Megapolitan

Belajar Kasus Daan Mogot Jakbar, Bisakah Polisi Geledah Tanpa Bukti?

Advertisement

JAKARTA, CNN Indonesia — Peristiwa pencegatan mobil yang viral di media sosial di Jalan Daan Mogot, Jakarta Barat, memicu perdebatan sengit mengenai kewenangan polisi dalam melakukan penggeledahan. Pertanyaan mendasar pun mencuat: apakah aparat penegak hukum dapat melakukan penggeledahan tanpa adanya bukti yang memadai?

Menanggapi hal tersebut, pakar hukum pidana Universitas Trisakti, Abdul Fickar Hadjar, menjelaskan bahwa laporan dari masyarakat memang dapat menjadi titik awal sebuah penyelidikan. Namun, laporan semata tidak cukup untuk dijadikan dasar tunggal dalam melakukan tindakan paksa seperti penggeledahan.

“Pengecualian polisi boleh menggeledah jika objek yang digeledah tertangkap tangan melakukan tindak pidana,” ujar Abdul Fickar saat dihubungi CNN Indonesia, Rabu (22/4/2026). Ia menambahkan, harus ada bukti pendukung lain yang mengaitkan objek yang akan digeledah dengan dugaan tindak pidana.

“Objek yang digeledah harus ada keterkaitan dengan terjadinya tindak pidana berdasarkan alat bukti lain, seperti saksi, surat, dan petunjuk sesuai KUHAP,” kata dia. Abdul Fickar menegaskan kembali bahwa penggeledahan tidak dapat dilakukan hanya berdasarkan kecurigaan.

“Polisi tidak boleh sembarangan untuk menggeledah mobil warga,” tegas Fickar.

Lebih lanjut, Fickar menguraikan bahwa dalam prosedur hukum, polisi wajib menunjukkan surat tugas serta surat perintah penggeledahan kepada yang bersangkutan.

“Polisi harus menunjukkan surat perintah penggeledahan, baik perintah atasan atau perintah atau izin pengadilan,” ucap Abdul Fickar.

Kronologi Versi Polisi

Kapolsek Grogol Petamburan AKP Reza Aditya membenarkan bahwa pria berpakaian sipil yang melakukan pencegatan di Daan Mogot adalah anggotanya. Menurut Reza, tindakan tersebut diambil berdasarkan laporan masyarakat mengenai dugaan transaksi narkoba.

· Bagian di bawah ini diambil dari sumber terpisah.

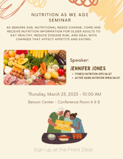 Come and receive nutrition information for older adults to eat healthy, reduce disease risk, and deal with changes that affect appetite and eating.
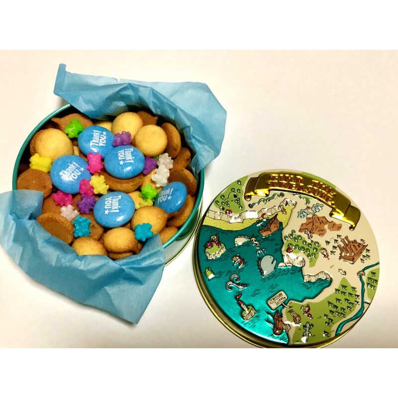 “Thank you”の文字が入ったマーブルチョコレートとクッキー、金平糖の詰合せ缶です。

“Memang itu dari personel kami, menerima laporan dari masyarakat bahwa dicurigai ada transaksi narkoba,” kata Reza.

Advertisement

Peristiwa tersebut bermula ketika pengemudi mobil mengaku merasa diikuti sejak kawasan Cengkareng. Ia kemudian dicegat di bawah flyover Pesing oleh enam pria yang menggunakan tiga sepeda motor. Para petugas meminta pengemudi membuka pintu mobil.

Situasi sempat memanas ketika salah satu anggota polisi mencoba masuk ke dalam mobil dan meminta kendaraan menepi. Namun, penggeledahan urung dilakukan.

Reza menjelaskan, keputusan untuk tidak melanjutkan penggeledahan diambil karena pengemudi dinilai tidak kooperatif dan di dalam mobil juga terdapat anak di bawah umur.

“Akhirnya ya karena tidak kooperatif itu dan di mobil itu kan juga ada anak di bawah umur, jadi makanya kami lepas gitu,” ujarnya.

Menurut Reza, pertimbangan keamanan juga menjadi dasar tindakan anggotanya di lapangan, mengingat dugaan kasus yang ditangani berkaitan dengan narkotika.

“Karena kan tahu sendiri kalau mungkin bahayanya dari dalam mobil itu kan, ya kami antisipasi lah untuk hal-hal tersebut,” tuturnya.

Kasus yang terjadi di Daan Mogot ini menjadi pengingat pentingnya keseimbangan antara responsivitas aparat terhadap potensi kejahatan dengan kepatuhan pada koridor hukum. Laporan warga, meskipun krusial, harus didukung oleh bukti yang cukup sebelum tindakan paksa dilakukan, demi mencegah potensi kesewenang-wenangan.